--- Entries shown ---
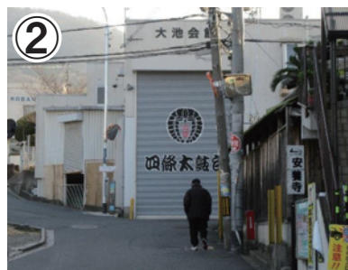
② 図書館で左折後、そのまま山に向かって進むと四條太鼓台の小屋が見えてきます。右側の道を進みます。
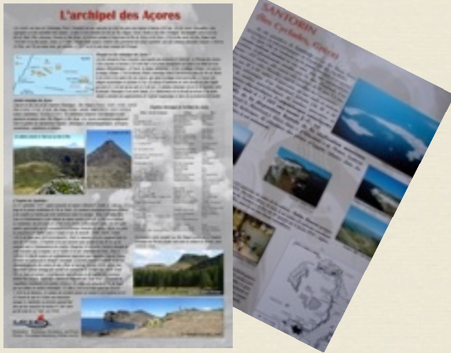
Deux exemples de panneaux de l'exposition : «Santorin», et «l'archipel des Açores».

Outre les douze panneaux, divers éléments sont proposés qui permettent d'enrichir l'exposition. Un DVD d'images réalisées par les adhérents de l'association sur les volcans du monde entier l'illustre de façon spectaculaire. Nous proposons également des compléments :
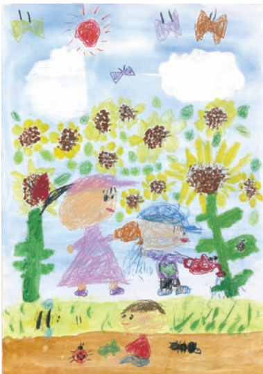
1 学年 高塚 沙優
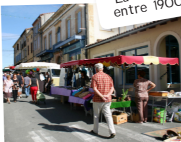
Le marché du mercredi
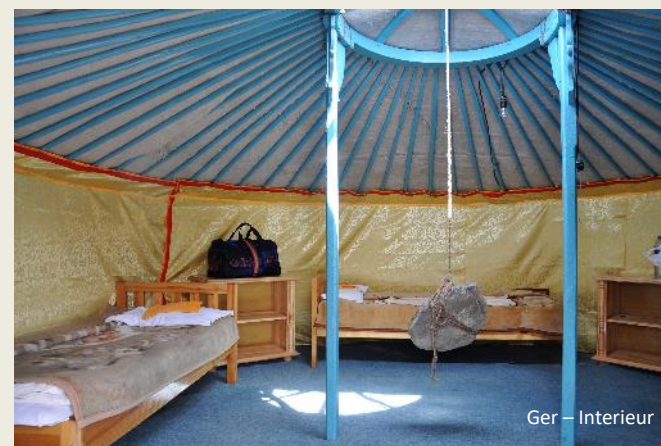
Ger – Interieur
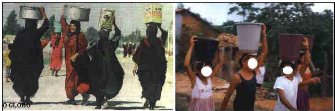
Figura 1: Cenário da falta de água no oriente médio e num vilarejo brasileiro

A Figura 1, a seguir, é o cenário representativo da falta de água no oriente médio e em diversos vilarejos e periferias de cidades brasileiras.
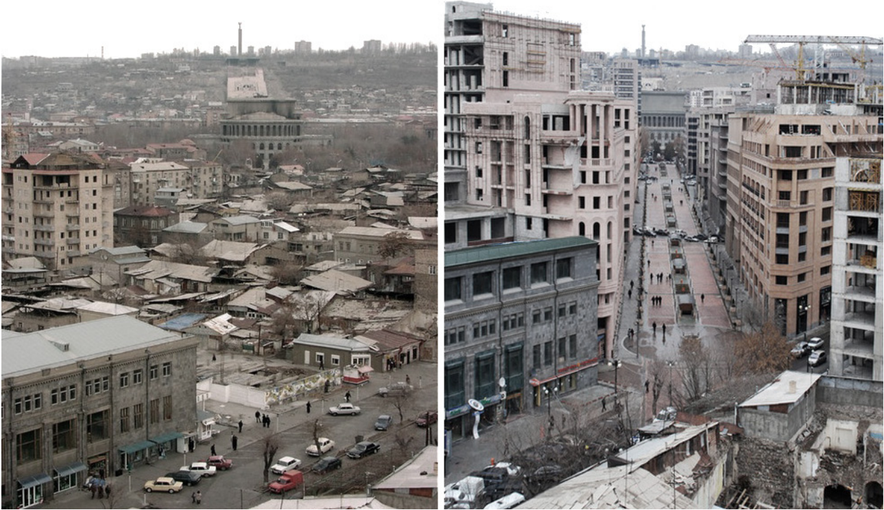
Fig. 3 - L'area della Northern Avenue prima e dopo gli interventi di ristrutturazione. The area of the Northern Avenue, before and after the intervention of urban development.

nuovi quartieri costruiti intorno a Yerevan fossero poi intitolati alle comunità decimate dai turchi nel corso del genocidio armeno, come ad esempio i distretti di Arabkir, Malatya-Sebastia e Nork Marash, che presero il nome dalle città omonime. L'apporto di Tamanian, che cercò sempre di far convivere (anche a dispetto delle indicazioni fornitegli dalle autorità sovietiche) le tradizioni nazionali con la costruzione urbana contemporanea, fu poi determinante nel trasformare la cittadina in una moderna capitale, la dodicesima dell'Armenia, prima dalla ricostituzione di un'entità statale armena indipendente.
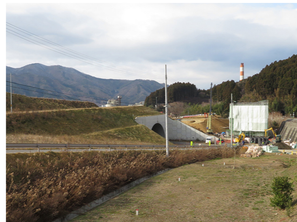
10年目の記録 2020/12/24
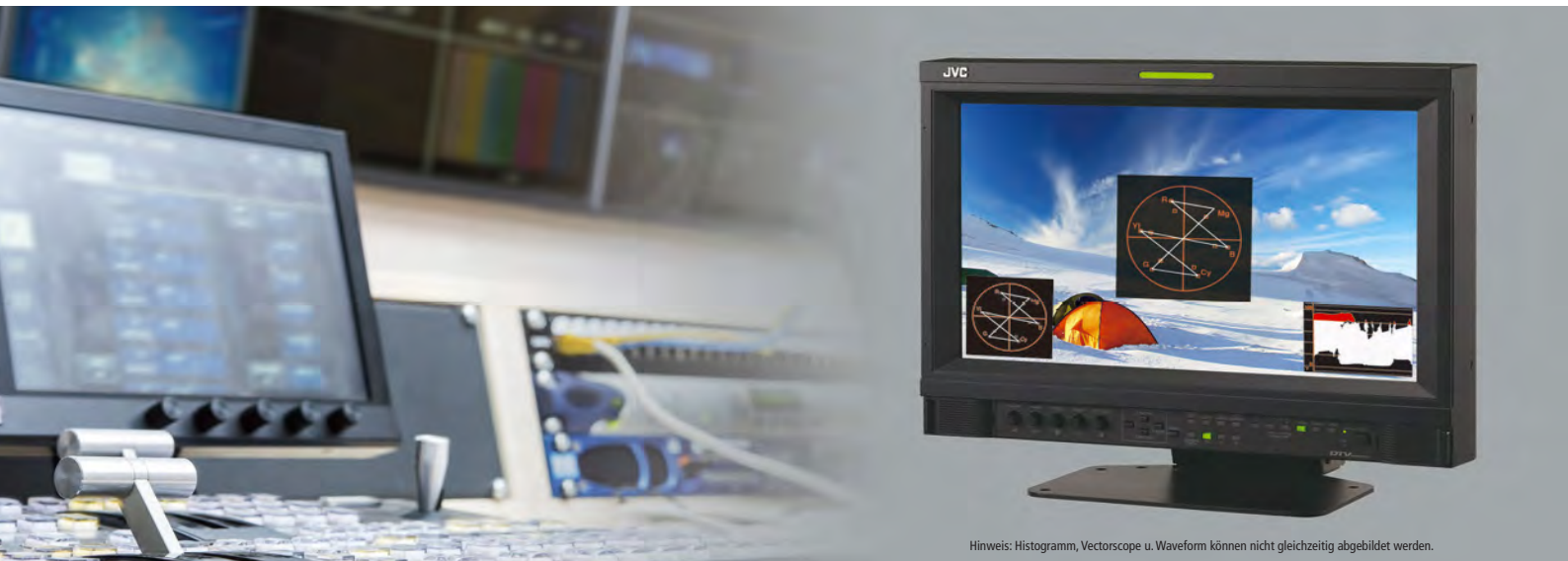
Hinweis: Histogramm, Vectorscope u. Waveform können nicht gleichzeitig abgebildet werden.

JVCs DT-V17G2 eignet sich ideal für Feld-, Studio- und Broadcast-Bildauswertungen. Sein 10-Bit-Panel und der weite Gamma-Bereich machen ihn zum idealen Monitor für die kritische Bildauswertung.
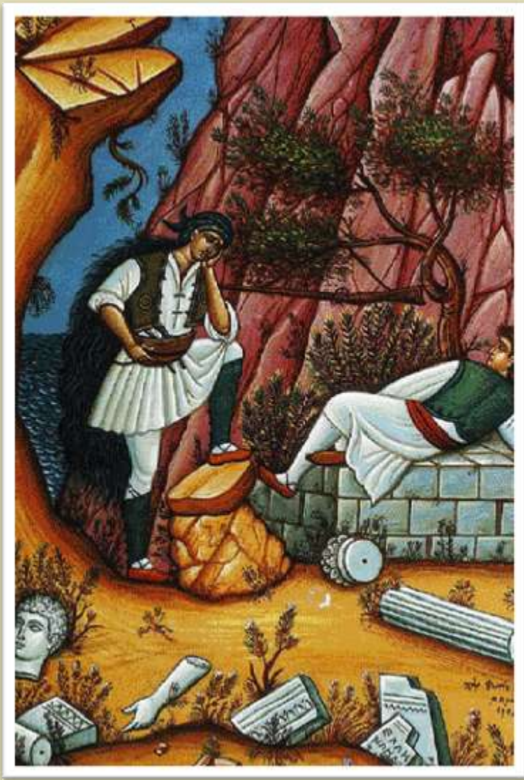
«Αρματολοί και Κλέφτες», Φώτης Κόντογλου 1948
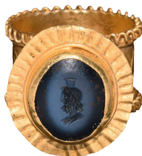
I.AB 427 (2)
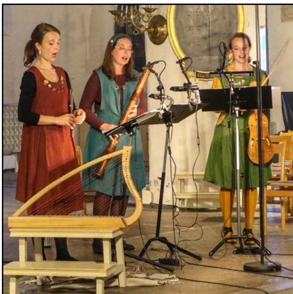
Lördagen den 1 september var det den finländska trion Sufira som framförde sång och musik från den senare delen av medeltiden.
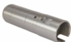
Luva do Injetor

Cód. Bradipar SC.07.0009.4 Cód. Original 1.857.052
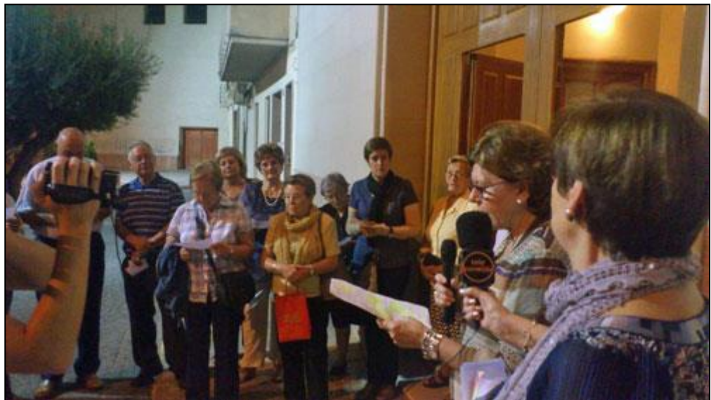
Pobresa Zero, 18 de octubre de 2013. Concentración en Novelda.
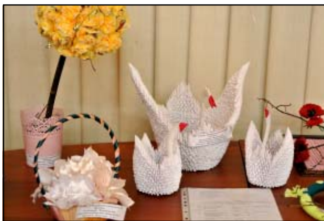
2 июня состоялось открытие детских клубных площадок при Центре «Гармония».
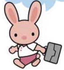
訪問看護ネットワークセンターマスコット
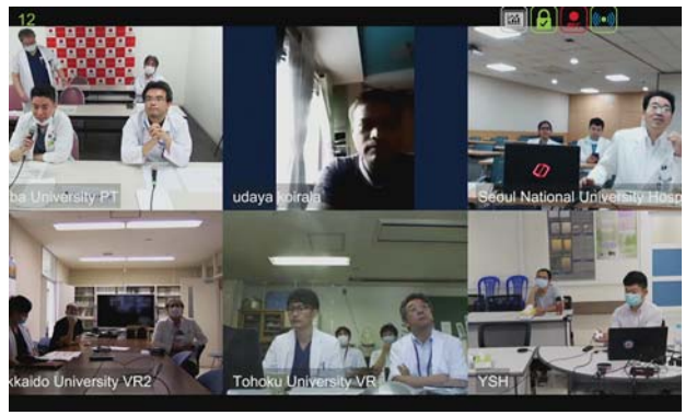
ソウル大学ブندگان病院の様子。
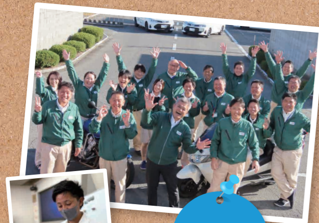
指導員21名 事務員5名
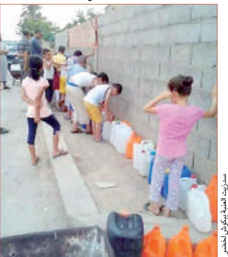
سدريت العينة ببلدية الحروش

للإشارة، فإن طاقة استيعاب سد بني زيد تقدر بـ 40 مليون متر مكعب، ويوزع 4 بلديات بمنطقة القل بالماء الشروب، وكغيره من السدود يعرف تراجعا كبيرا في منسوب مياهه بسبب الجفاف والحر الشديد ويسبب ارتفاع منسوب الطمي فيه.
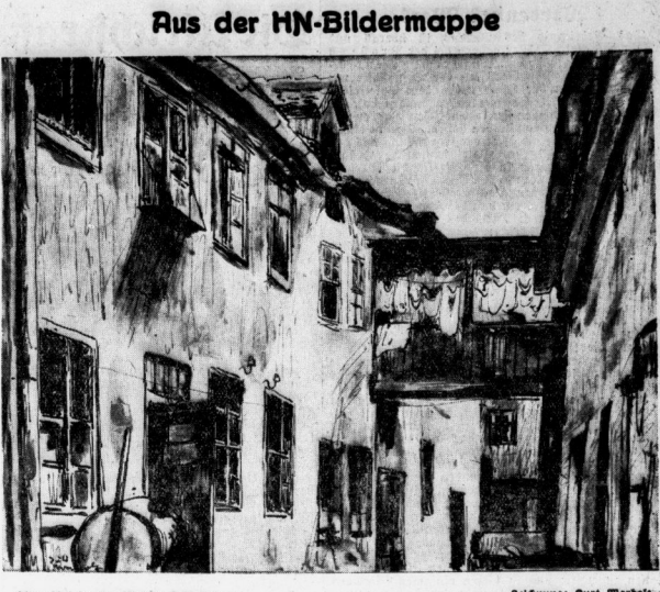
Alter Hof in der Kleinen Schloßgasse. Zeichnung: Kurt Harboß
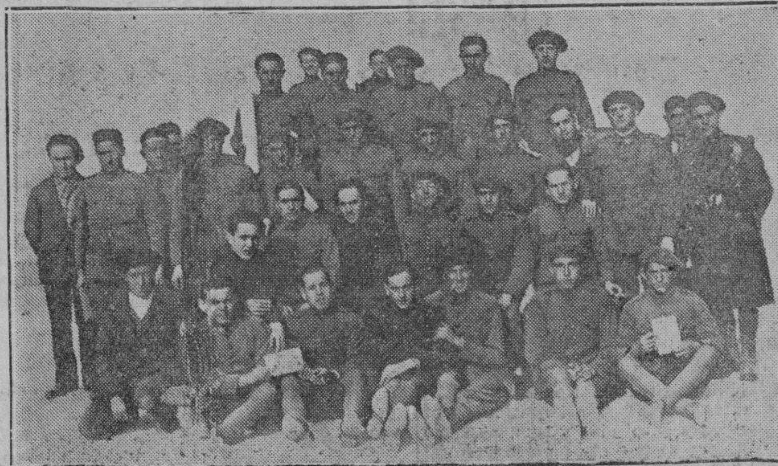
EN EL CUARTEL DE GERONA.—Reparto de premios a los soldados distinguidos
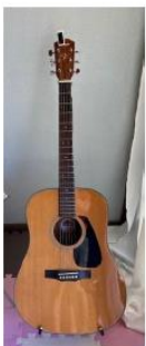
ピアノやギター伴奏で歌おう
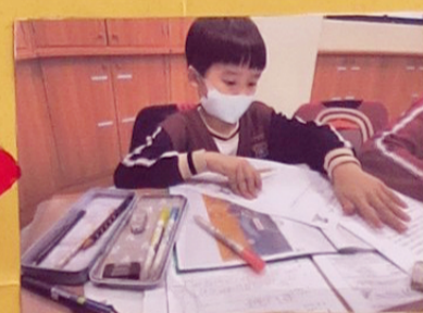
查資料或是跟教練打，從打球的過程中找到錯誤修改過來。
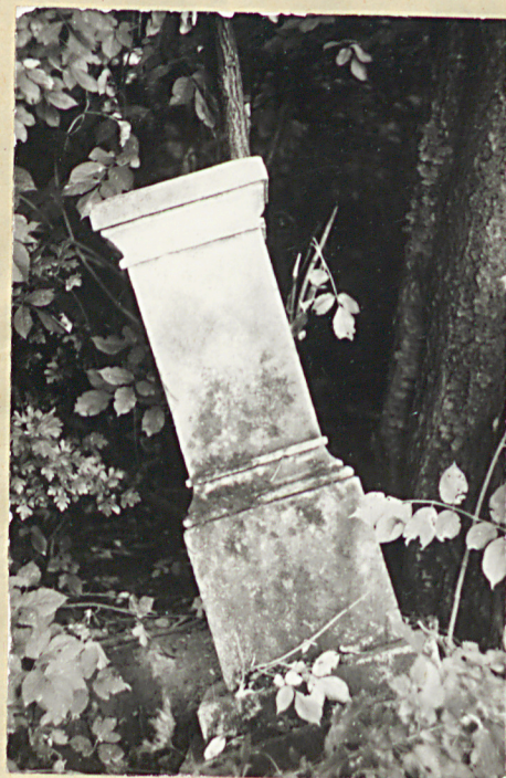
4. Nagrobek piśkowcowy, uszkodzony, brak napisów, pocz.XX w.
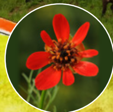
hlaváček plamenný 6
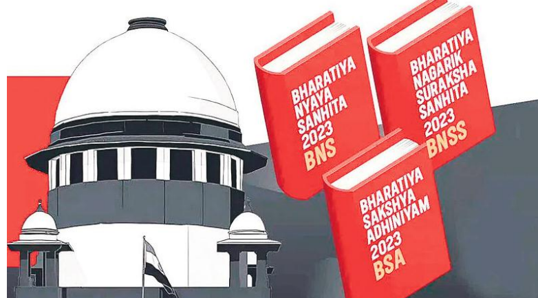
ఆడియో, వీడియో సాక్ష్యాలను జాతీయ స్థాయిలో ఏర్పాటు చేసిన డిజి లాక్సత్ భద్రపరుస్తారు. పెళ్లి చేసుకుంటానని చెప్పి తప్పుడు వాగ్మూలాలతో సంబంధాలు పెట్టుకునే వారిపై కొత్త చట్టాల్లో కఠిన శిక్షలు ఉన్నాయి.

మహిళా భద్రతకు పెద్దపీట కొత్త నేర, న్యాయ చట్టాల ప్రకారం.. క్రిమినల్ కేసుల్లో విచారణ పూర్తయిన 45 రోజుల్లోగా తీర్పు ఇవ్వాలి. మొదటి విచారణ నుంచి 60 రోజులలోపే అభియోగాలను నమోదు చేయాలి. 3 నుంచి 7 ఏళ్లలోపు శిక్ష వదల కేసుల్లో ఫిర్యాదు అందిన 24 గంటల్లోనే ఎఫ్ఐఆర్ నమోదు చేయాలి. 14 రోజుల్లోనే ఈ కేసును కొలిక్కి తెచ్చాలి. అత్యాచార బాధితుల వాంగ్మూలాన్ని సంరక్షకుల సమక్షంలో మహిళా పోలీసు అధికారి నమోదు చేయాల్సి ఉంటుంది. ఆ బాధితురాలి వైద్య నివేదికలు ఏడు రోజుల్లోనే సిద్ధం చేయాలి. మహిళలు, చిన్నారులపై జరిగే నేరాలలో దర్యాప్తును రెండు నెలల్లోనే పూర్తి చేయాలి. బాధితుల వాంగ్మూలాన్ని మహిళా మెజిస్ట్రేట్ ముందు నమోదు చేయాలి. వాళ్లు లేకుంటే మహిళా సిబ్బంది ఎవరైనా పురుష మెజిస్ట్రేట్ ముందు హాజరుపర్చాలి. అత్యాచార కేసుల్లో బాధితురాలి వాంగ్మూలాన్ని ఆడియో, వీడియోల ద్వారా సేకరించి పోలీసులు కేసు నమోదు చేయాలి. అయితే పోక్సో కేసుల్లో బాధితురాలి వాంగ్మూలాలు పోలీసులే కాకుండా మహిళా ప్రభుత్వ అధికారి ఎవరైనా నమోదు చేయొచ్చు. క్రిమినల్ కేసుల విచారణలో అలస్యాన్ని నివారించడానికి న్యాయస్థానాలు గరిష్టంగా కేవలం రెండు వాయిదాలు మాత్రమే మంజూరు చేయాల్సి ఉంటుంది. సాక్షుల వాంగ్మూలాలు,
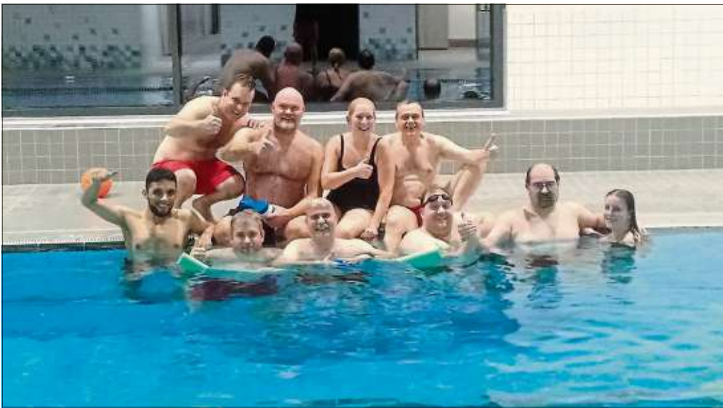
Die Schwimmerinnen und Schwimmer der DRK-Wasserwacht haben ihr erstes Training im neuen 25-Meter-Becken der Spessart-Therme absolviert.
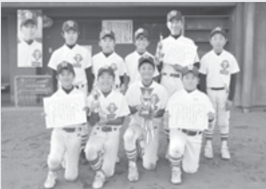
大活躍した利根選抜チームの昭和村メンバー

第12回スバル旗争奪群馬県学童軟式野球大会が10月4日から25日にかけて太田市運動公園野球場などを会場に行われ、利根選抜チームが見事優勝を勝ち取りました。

--- Work required ---
When you reach the line containing "Φώτης Κόντογλου 1948" in the entries above, begin restating word for word, and stop once the line containing "Alter Hof in" has been given. Omit the pictures.

--- Written response ---
«Αρματολοί και Κλέφτες», Φώτης Κόντογλου 1948
I.AB 427 (2)
Lördagen den 1 september var det den finländska trion Sufira som framförde sång och musik från den senare delen av medeltiden.
Luva do Injetor

Cód. Bradipar SC.07.0009.4 Cód. Original 1.857.052
Pobresa Zero, 18 de octubre de 2013. Concentración en Novelda.
2 июня состоялось открытие детских клубных площадок при Центре «Гармония».
訪問看護ネットワークセンターマスコット
ソウル大学ブندگان病院の様子。
指導員21名 事務員5名
سدريت العينة ببلدية الحروش

للإشارة، فإن طاقة استيعاب سد بني زيد تقدر بـ 40 مليون متر مكعب، ويوزع 4 بلديات بمنطقة القل بالماء الشروب، وكغيره من السدود يعرف تراجعا كبيرا في منسوب مياهه بسبب الجفاف والحر الشديد ويسبب ارتفاع منسوب الطمي فيه.
Alter Hof in der Kleinen Schloßgasse. Zeichnung: Kurt Harboß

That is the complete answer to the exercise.